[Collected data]
*** Begin section ***
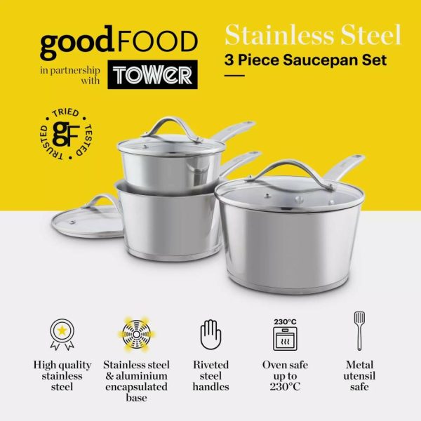 Good Food -Piece Saucepan Set Stainless Steel | Homeware Tower Housewares Pan Sets
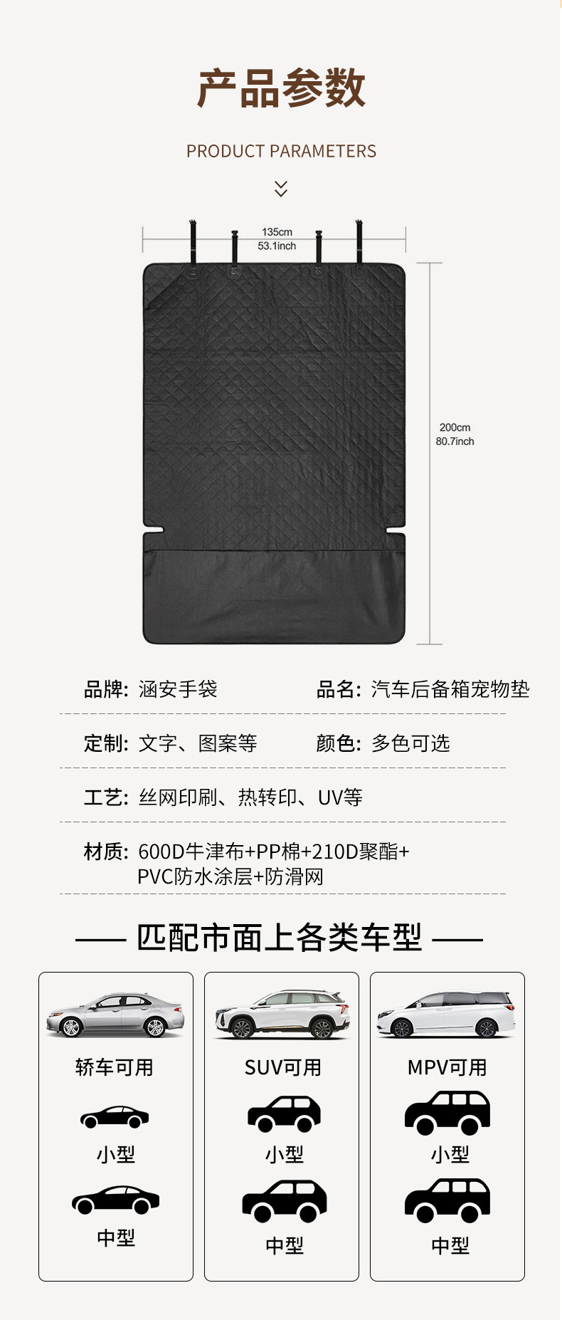 맞춤형 자동차 트렁크 애완동물 매트, 외출용 방수 및 오염 방지, 강아지 전용 자동차 트렁크 옥스포드 천 강아지 매트스토어 가기
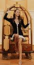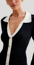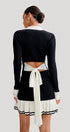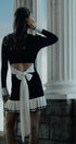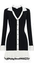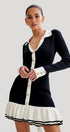 Kontrast Fiyonk Detaylı Mini Elbise ile gardırobunuza şıklık katın. Bu büyüleyici elbise, uzun kollu ve sofistike bir dokunuş katan altın orta ön düğmelere sahiptir. Çift katmanlı kontrast etek fırfırı ve kontrast fiyonk detayı, eğlenceli ama zarif görünümünü güçlendiriyor.
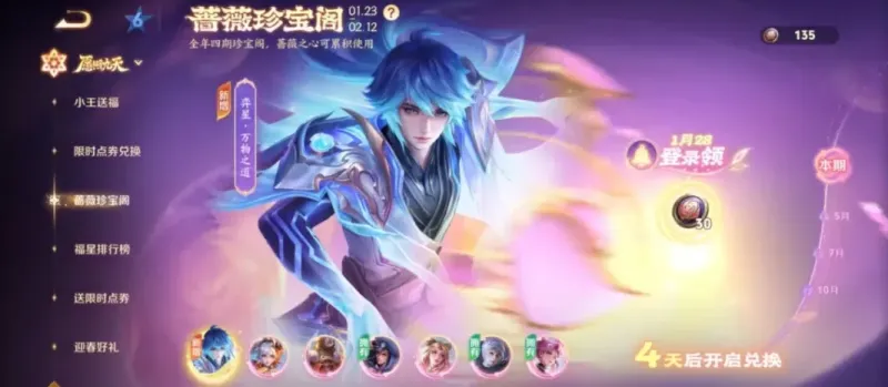 蛇年的钻石夺宝上架了姜子牙的星梦巡礼,珍宝阁则上架了弈星的万物之道,除夕当天登录,还可以直接领取30蔷薇之心。
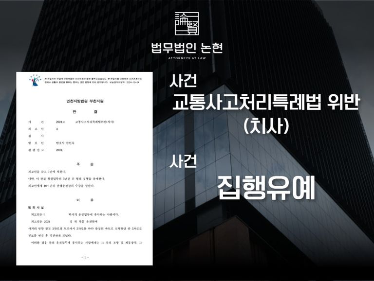 그 결과 법원에서는 본 변호인의 주장을 모두 받아들였고, 당시 의뢰인이 연루되었던 “교통사고처리특례법 위반 (치사)” 혐의에 대해 ‘집행유예’를 선고하며, 다행히도 좋은 결과를 얻을 수 있었는데요.
*** End section ***
WORK ORDER
Excluding the pictures, restate word for word the lines from the one that holds "蛇年的钻石夺宝上架了姜子牙的" through the last line of the entries, both ends included.

EXERCISE ANSWER
 蛇年的钻石夺宝上架了姜子牙的星梦巡礼,珍宝阁则上架了弈星的万物之道,除夕当天登录,还可以直接领取30蔷薇之心。
 그 결과 법원에서는 본 변호인의 주장을 모두 받아들였고, 당시 의뢰인이 연루되었던 “교통사고처리특례법 위반 (치사)” 혐의에 대해 ‘집행유예’를 선고하며, 다행히도 좋은 결과를 얻을 수 있었는데요.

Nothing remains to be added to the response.